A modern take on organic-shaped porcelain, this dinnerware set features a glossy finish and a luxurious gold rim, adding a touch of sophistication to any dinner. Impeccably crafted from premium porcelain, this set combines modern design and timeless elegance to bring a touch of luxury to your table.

---

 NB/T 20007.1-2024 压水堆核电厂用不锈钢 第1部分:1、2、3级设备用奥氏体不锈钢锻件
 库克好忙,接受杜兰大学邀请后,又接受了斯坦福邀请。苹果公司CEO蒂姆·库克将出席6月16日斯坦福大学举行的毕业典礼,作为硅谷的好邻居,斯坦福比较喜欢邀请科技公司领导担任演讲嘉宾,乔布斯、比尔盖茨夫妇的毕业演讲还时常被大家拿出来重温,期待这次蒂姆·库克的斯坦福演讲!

Task objective -
Your answer should be the lines above, from the line containing "NB/T 20007.1-2024 压水堆核电厂用不锈钢" up to and including the line containing "库克好忙,接受杜兰大学邀请后", reproduced exactly and with nothing else.

Output below -
 NB/T 20007.1-2024 压水堆核电厂用不锈钢 第1部分:1、2、3级设备用奥氏体不锈钢锻件
 库克好忙,接受杜兰大学邀请后,又接受了斯坦福邀请。苹果公司CEO蒂姆·库克将出席6月16日斯坦福大学举行的毕业典礼,作为硅谷的好邻居,斯坦福比较喜欢邀请科技公司领导担任演讲嘉宾,乔布斯、比尔盖茨夫妇的毕业演讲还时常被大家拿出来重温,期待这次蒂姆·库克的斯坦福演讲!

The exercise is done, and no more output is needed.